Appl. Math. Lett. Vol. 3, No. 3, pp. 43-46, 1990 Printed in Great Britain. All rights reserved 0893-9659/90 \$3.00 + 0.00 Copyright© 1990 Pergamon Press plc

# Balanced Computation of Two-Dimensional Transforms on a Tree Machine

<sup>1</sup>A.L. GORIN, <sup>2</sup>L. AUSLANDER, AND <sup>2</sup>A. SILBERGER

<sup>1</sup>AT&T Bell Laboratories <sup>2</sup>CUNY Center for Large-Scale Computation (Received September 1989)

#### 1. INTRODUCTION

This paper describes the idea of a balanced parallel algorithm, and then applies it to the design and analysis of 2D transforms on a tree-structured parallel computer. A balanced algorithm is one that is written as a sequence of separate computation and communication stages, which is furthermore sized so that these stages require equal time. An advantage of writing an algorithm this way is simplicity of representation, which implies ease of programming. This representation furthermore allows one to analyze separately the complexity of computation and interprocessor communications in a parallel algorithm, greatly simplifying the performance modeling problem. If, based on such performance models, the stages are sized to require equal time, then one can pipeline and overlap multiple tasks to achieve (theoretical) 100% utilization of both the processors and communications network.

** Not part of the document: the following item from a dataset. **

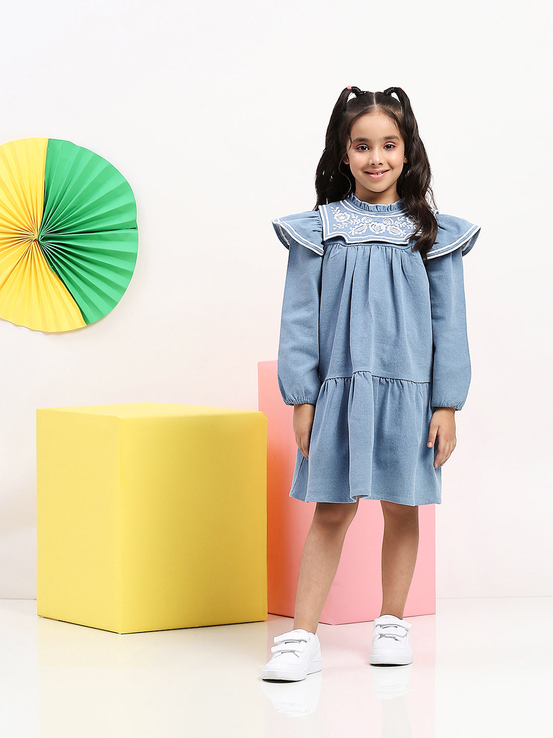 3. Chic Blue Denim Dress for Girls with Embroidered Yoke

We apply these ideas to the design and analysis of 2D transforms on a tree machine. In particular, we consider transforms on square matrices which are defined via application of an identical operator to each row, followed by application of the same operator to each of the resultant columns. A classic example is the 2D Fast Fourier Transform (FFT), which finds application in image processing [6] and radar [1]. We also consider a binary tree of processors, in which each processing element (PE) is connected to a parent and two children, excepting for the root and leaves of the tree [2], and whose external communications is through the root PE. Such an interconnection is scalable and has low overhead communications, which yields implementations well suited to VLSI and advanced packaging [5, 3]. A tree is also universal, in the sense that it can be embedded within any lattice of PEs in reconfigurable networks [7, 9], such that the communications diameter of the network is preserved.

This paper proceeds as follows. We first describe the computing paradigm and software constructs which underly balanced 2D transform algorithms on a tree machine. We then describe the parallel algorithm and derive formulas expressing processing and communication times as a function of problem and device parameters. We then derive a criterion for a balanced transform, and as an example predict execution time for a balanced 1024  $\times$  1024 2D FFT on a tree with a 20 Mhz communications skeleton that compares favorably to measured performance on a CRAY Y-MP. Although this is a comparison of projected performance on a theoretical machine with measured performance on a real machine, it illustrates that supercomputer speeds are achievable with intelligent exploitation of parallel processing.

## 2. Computing Paradigm

Consider parallel algorithms that can be written as a sequence of separate processing and communication stages. Such a parallel program is host-orchestrated, with a barrier synchronization between each stage. Further consider a processing paradigm in which identical programs are executed simultaneously in each PE on different data sets, denoted a *sliced* procedure. The multiple executions of this single program can follow different instruction streams (still within the program, of course) depending on the data. These potentially different streams are initiated by broadcasting a jump address to all PEs, which are forced to converge and synchronize at the completion of the sliced procedure. This concept can be described as single program multiple data (SPMD), which can be alternatively viewed as coarse-grain SIMD or data-driven MIMD. We define two global burst communication functions which will support the 2D transform algorithm. Broadcast transmits data from the host to enabled PEs, and Report transmits data from a distinguished PE to the host. For a tree machine with K PEs (of depth  $\log_2 K$ ) in which interprocessor communications between adjacent PEs requires time c per data element, then a broadcast or report of D data elements requires time  $cD + \log_2 K$ . For large data blocks, this simplifies to time cD.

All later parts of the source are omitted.